Dataset excerpts:
┄┄┄┄┄┄
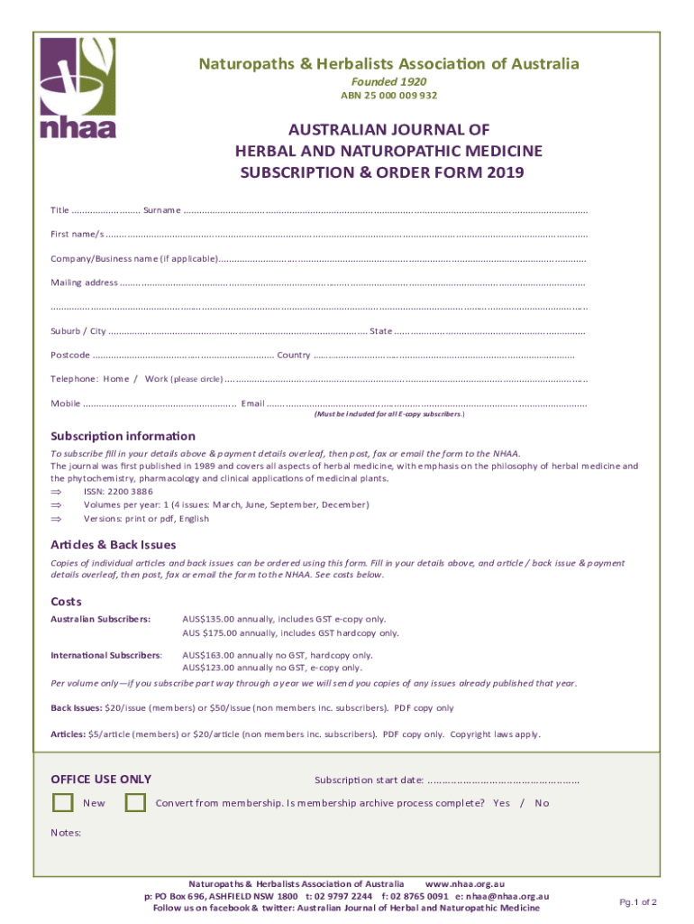 Naturopaths & Herbalists Association of Australia Founded 1920ABN 25 000 009 932AUSTRALIAN JOURNAL OF HERBAL AND NATUROPATHIC MEDICINE SUBSCRIPTION & ORDER FORM 2019 Title ..........................
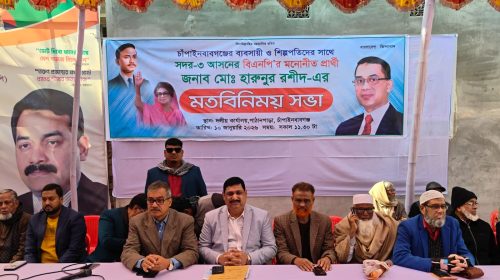 চাঁপাইনবাবগঞ্জের ব্যবসায়ী ও শিল্পপতিদের সঙ্গে সদর–৩ আসনের বিএনপির মনোনীত প্রার্থী মোঃ হারুনুর রশীদের মতবিনিময় সভা অনুষ্ঠিত হয়েছে। শনিবার (১০ জানুয়ারি) সকাল সাড়ে ১১টায় শহরের পাঠানপাড়া বিএনপির দলীয় কার্যালয়ের মাঠ প্রাঙ্গণে…
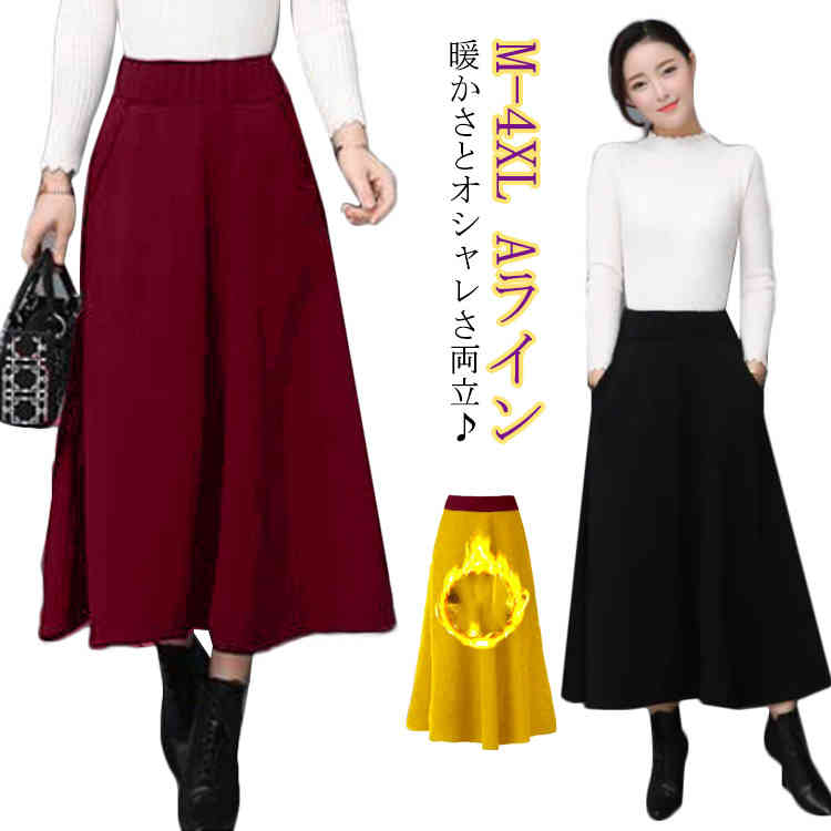 裏起毛 ミモレ丈 フレアスカート あったか Aライン ロングスカート ふかふか マキシスカート 裏ボア 体型カバー 大きいサイズ レディース ウェストゴム スカート ポケット付き
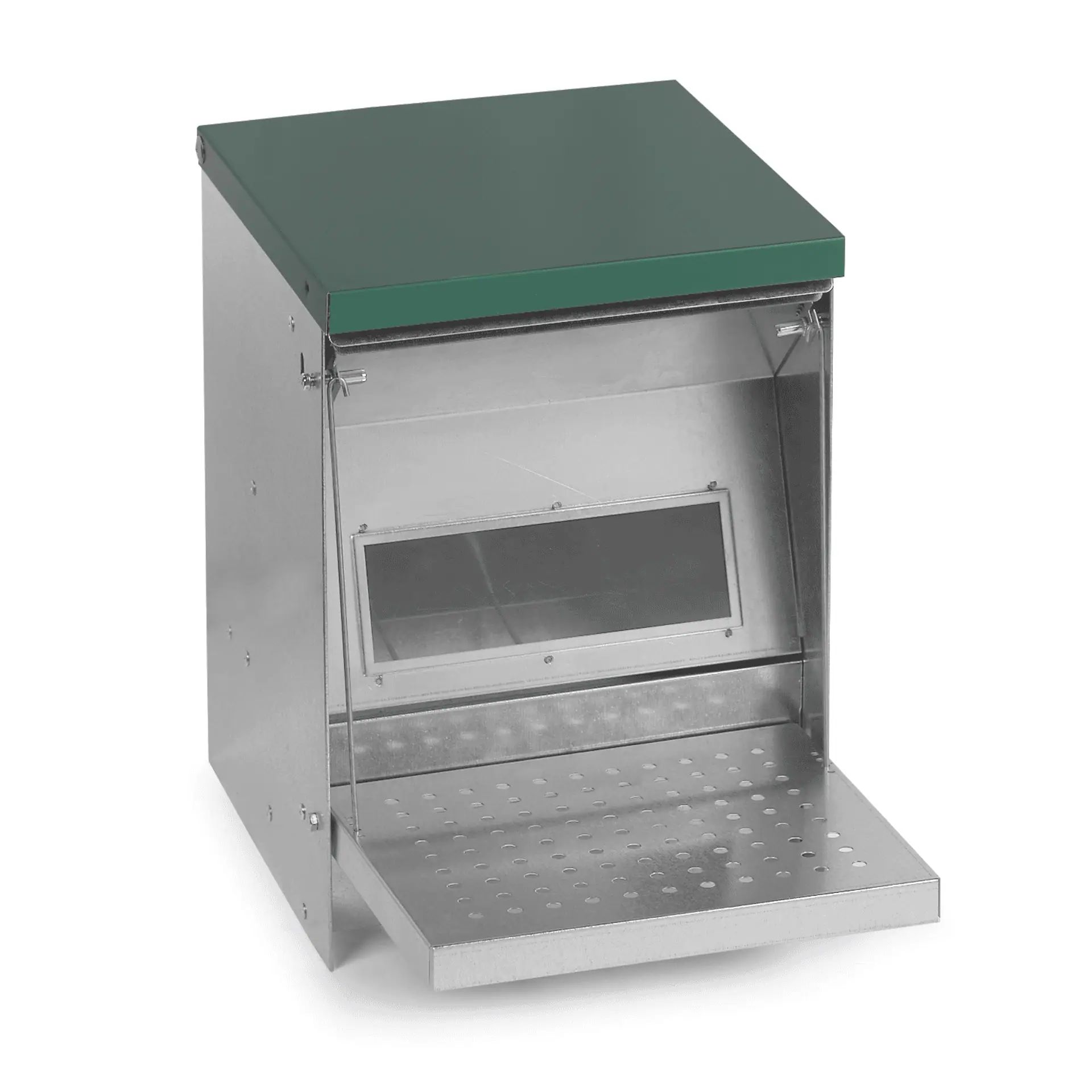 Cu Agrarzone Automat hrănire Păsări cu Clapă Anti-acces, hrana este oferită păsărilor tale în siguranță și igienic. Automatul funcționează astfel încât hrana este accesibilă doar atunci când găinile sau rațele tale calcă pe clapeta. Astfel, hrana este protejată de șobolani, șoareci și alți oaspeți nepoftiți, reducând semnificativ riscul de îmbolnăvire. Acest automat pentru hrană este nu doar robust și ușor de curățat, ci și rezistent la stropire, astfel încât păsările tale au mereu acces la hrană uscată. Cu diverse capacități de 5 kg, 10 kg, 20 kg sau 40 kg, ai întotdeauna soluția potrivită la îndemână. Construcția specială a automatului pentru hrană minimizează risipa de hrană, deoarece forma specială și reglarea pe înălțime asigură că hrana cade afară doar atunci când este cu adevărat necesară. În plus, automatul pentru hrană împiedică contactul direct cu dăunătorii, deoarece aceștia nu pot pătrunde în dispozitiv. Fabricat din metal zincat și plastic de înaltă calitate, automatul pentru hrană oferă nu doar o durată lungă de viață, ci își păstrează și culoarea datorită suprafeței rezistente la razele UV. Automatul pentru hrană este deosebit de potrivit pentru iubitorii de animale care pun preț pe o hrănire igienică și în același timp doresc să protejeze hrana animalelor lor de vizitatorii nepoftiți. Utilizarea simplă, mecanismul ușor de curățat și posibilitatea de a regla greutatea pentru acces individual fac din acest automat pentru hrană un însoțitor indispensabil pentru fiecare crescător de păsări.
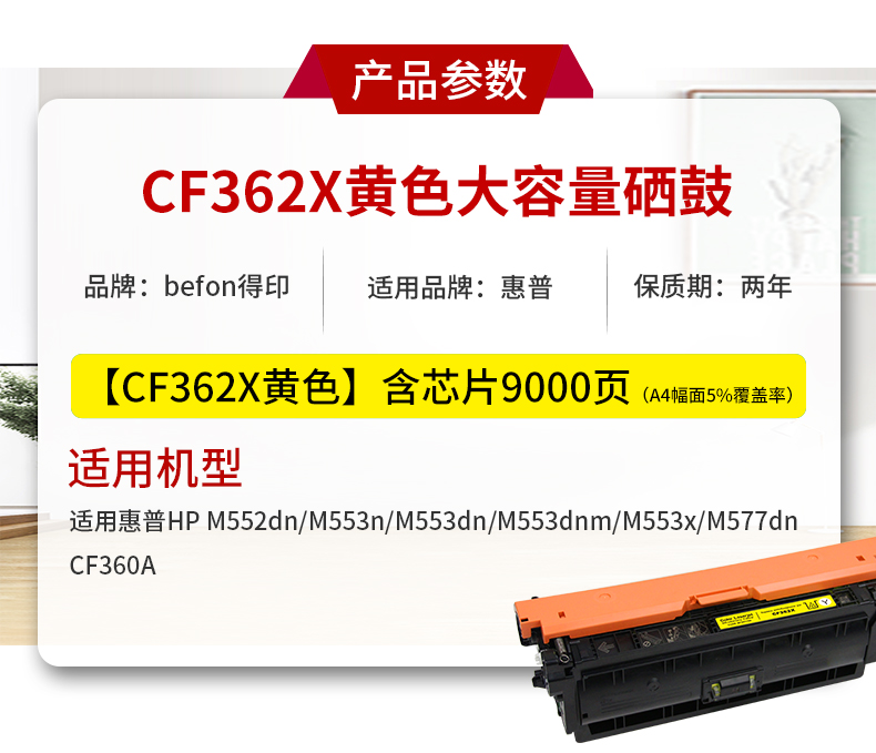 得印CF362X硒鼓黄色大容量 508A 适用惠普HP M552dn M553n M553dn 支 黄色
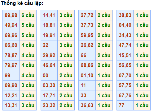 Cầu lô chạy 8 ngày qua (cầu dài nhất)
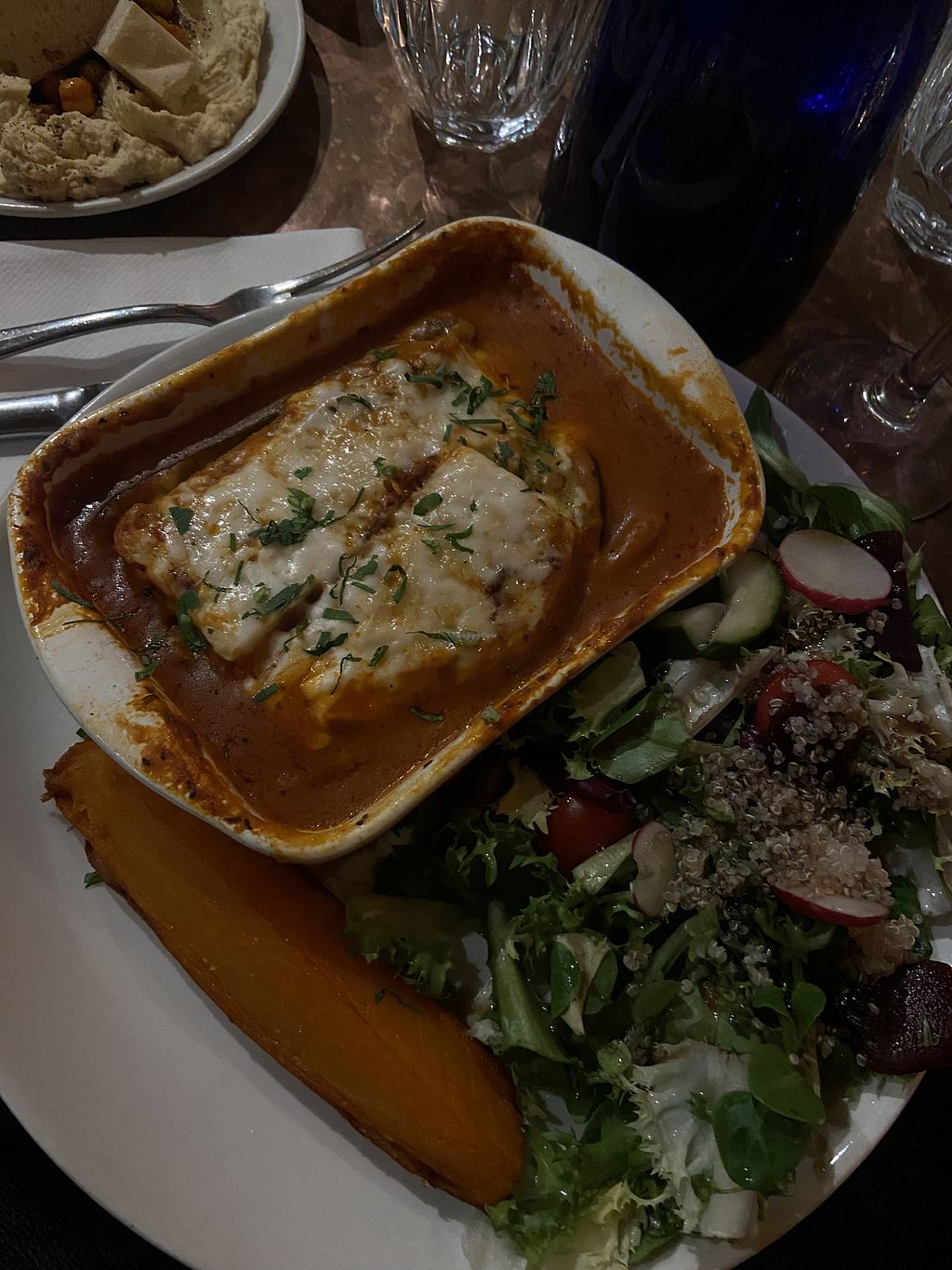 Great vibes, classy. Enough vegan options, lots of salads / hummus / breads. Just the one vegan ‘main’ the moussaka.
┄┄┄┄┄┄
■ TASK GOAL
Starting with the first line of the records above and stopping after the line containing "裏起毛 ミモレ丈 フレアスカート", repeat every line exactly and leave out the pictures.

■ ANSWER SECTION
 Naturopaths & Herbalists Association of Australia Founded 1920ABN 25 000 009 932AUSTRALIAN JOURNAL OF HERBAL AND NATUROPATHIC MEDICINE SUBSCRIPTION & ORDER FORM 2019 Title ..........................
 চাঁপাইনবাবগঞ্জের ব্যবসায়ী ও শিল্পপতিদের সঙ্গে সদর–৩ আসনের বিএনপির মনোনীত প্রার্থী মোঃ হারুনুর রশীদের মতবিনিময় সভা অনুষ্ঠিত হয়েছে। শনিবার (১০ জানুয়ারি) সকাল সাড়ে ১১টায় শহরের পাঠানপাড়া বিএনপির দলীয় কার্যালয়ের মাঠ প্রাঙ্গণে…
 裏起毛 ミモレ丈 フレアスカート あったか Aライン ロングスカート ふかふか マキシスカート 裏ボア 体型カバー 大きいサイズ レディース ウェストゴム スカート ポケット付き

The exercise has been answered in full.